The 1984 Water Pollution Prevention and Control Law (WPL) applies to discharges to rivers, lakes, canals, reservoirs, and groundwater. The WPL contains sections pertaining to water quality and discharge standards, pollution prevention, surface water, and groundwater. Amendments in 1996 introduced further controls on river basins, including requirements for cities and towns to establish central sewage treatment plants and to set treatment fees, mass-loading controls, provisions for strengthening the supervision and management of water pollution, and non-point-source pollution controls.
 
 
3.
The Implementation Regulation of Water Pollution Prevention and Control Law was enacted on March 20, 2000. This law regulates the supervision and management of surface and ground water pollution, prevention, and control measures.
 
Water supply. In urban areas, water is usually supplied by the municipal water utility companies, which are responsible for ensuring that water quality complies with the National Drinking Water Standard (GB5749-85). A groundwater abstraction permit is required if any company intends to use groundwater directly. In the northern part of the PRC, however, the use of groundwater is strictly controlled because of significant water shortages and ground settlement issues. Users must apply to provincial or higher level administrative committees for a groundwater abstraction permit.
 
Wastewater discharge. Two types of wastewater discharge systems are defined in the PRC: (1) polluted wastewater discharges (typically industrial and domestic wastewater) and (2) non-polluted wastewater discharges (for example, storm water).
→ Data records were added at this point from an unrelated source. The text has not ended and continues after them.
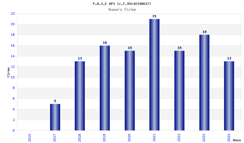 | Anno | Firme | Importi | Media | Naz. | Reg. | Prov. | Comu. |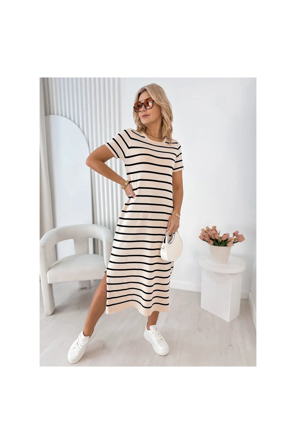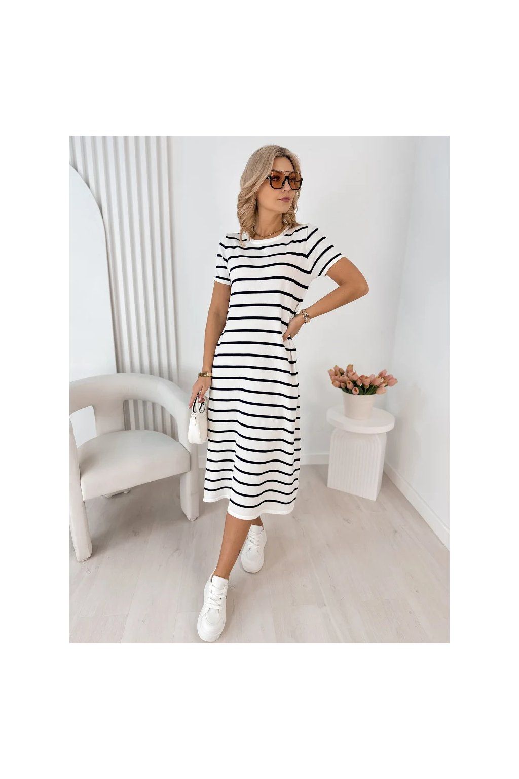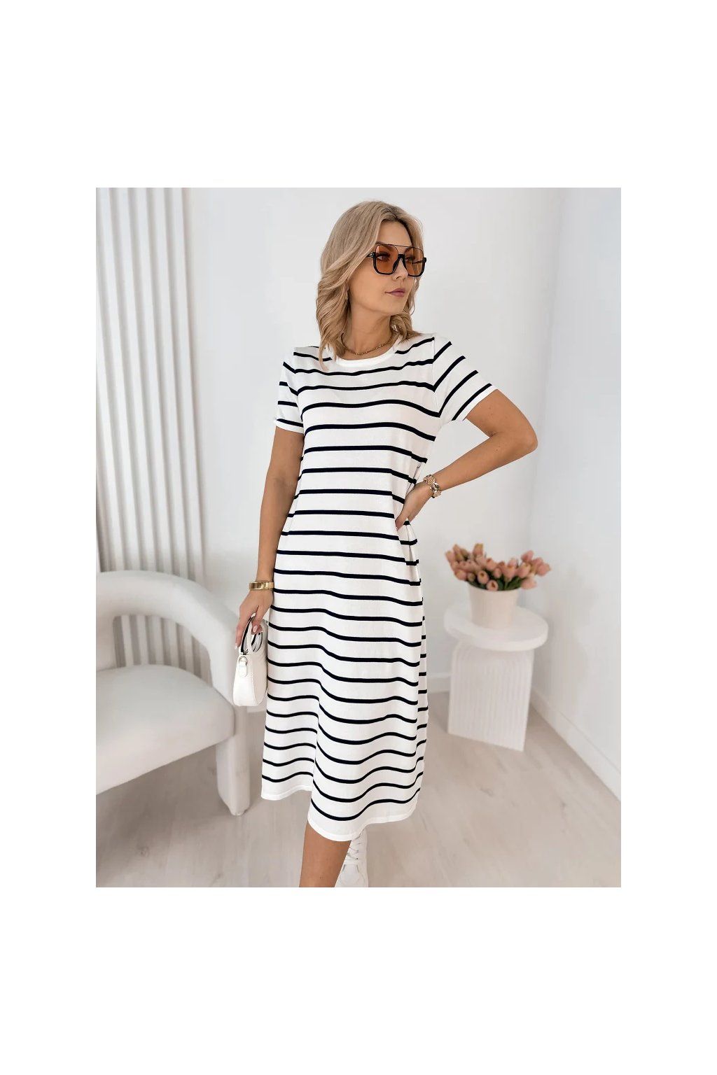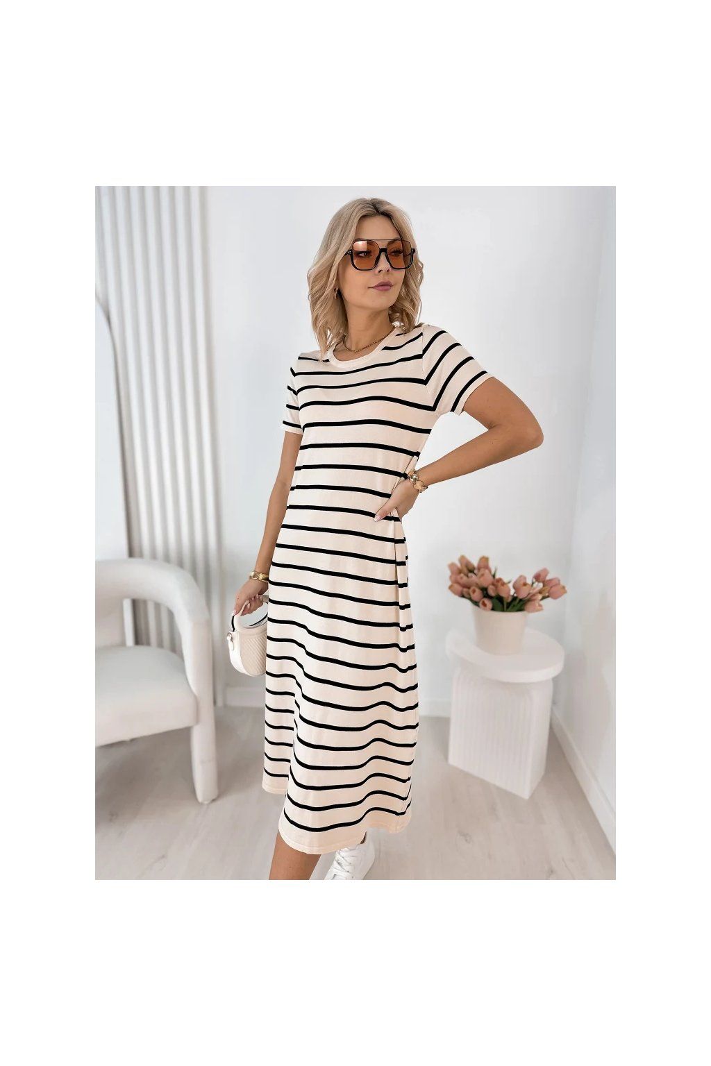 Lehké, vzdušné a maximálně pohodlné – tyto dámské midi šaty s jemným pruhovaným vzorem jsou ideální volbou pro každodenní nošení i letní procházky městem.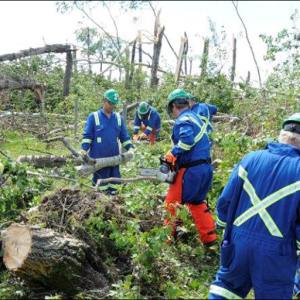 After conferring with community leaders – and under the direction of Long Plain Fire Chief Randy Merrick and his team – TransCanada’s Aboriginal Liaison Steve Loney dispatched a clean-up crew to clear a farmer’s fence of fallen trees so that the farmer could repair the fence and keep his livestock contained.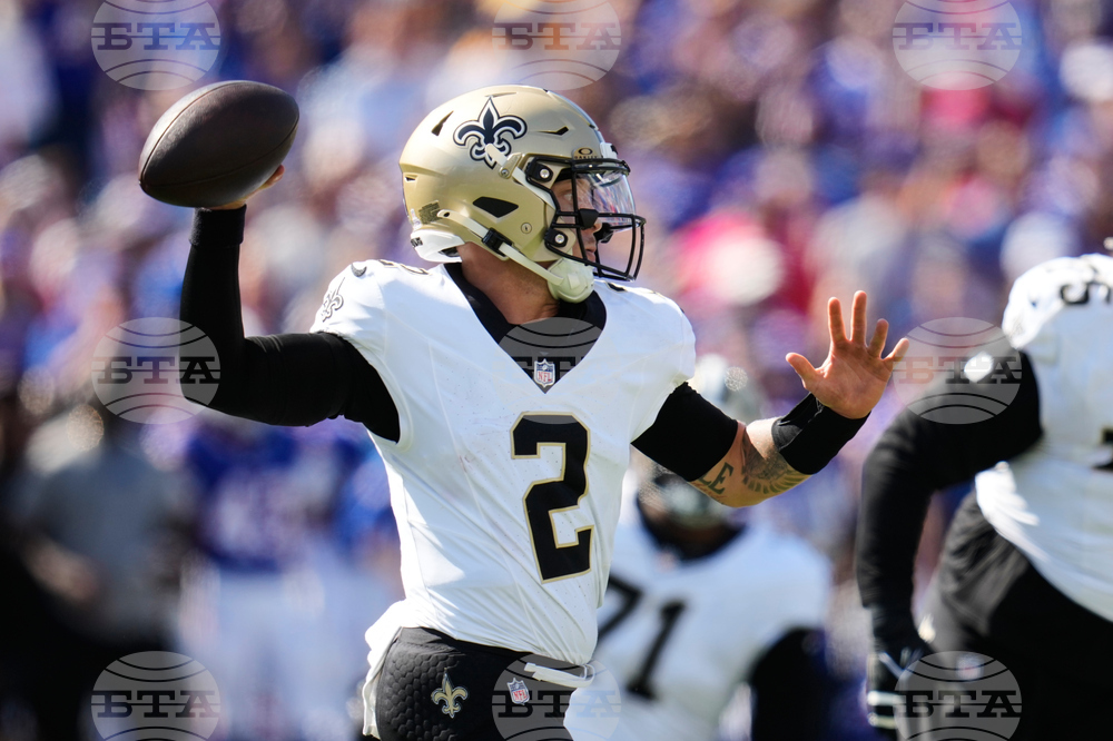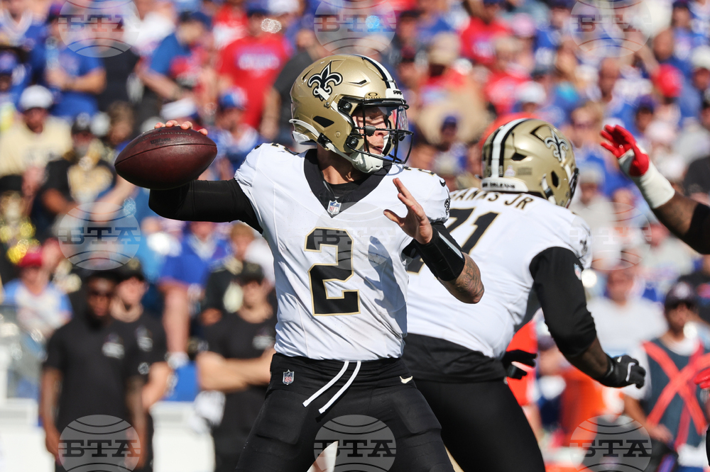 New Orleans Saints quarterback Spencer Rattler (2) passes against the Buffalo Bills in the second half of an NFL football game, Sunday, Sept. 28, 2025, in Orchard Park, N.Y. (AP Photo/Jeffrey T. Barnes)

Separate drainage systems for polluted and non-polluted discharges are required for a facility in which a municipal sewer system is available.
 
Environmental Enforcement
 
In the PRC, methods of enforcing environmental legislation include discharge fees, surcharge fees, fines, and administrative sanctions. Pollutant discharge activity is subject to a discharge permit, which must be registered and obtained before the pollutants are generated.
 
In major pollution control areas, such as Shanghai and Beijing, mass-loading targets are established and allocated to major emission facilities by the local EPB. In some pilot locations, emission quotas can be traded among facilities.
 
In areas with significant pollution problems, such as those impacted by sulfur dioxide emissions, acid rain, and water quality deterioration, specific discharge limitations are adopted to prevent further degradation.
 
There are specific items within the Constitution of the People’s Republic of China and the PRC Criminal Law to strengthen the enforcement of environmental legislation by disciplinary sanction, civil liability, and even criminal liability. Disciplinary sanctions may come in the form of a warning, a fine, a requirement to install environmental protection equipment, or a requirement to cease operations. Criminal liability can also be passed on to the legal representative of an enterprise if the polluting activity caused severe damage to property, health, or interests of the state or its citizens. In these cases, the individual deemed responsible may be prosecuted. Civil liability also exists and is aimed at activities that may result in civil disputes. Generally, the dispute may be settled through financial compensation by the facility that caused the damage.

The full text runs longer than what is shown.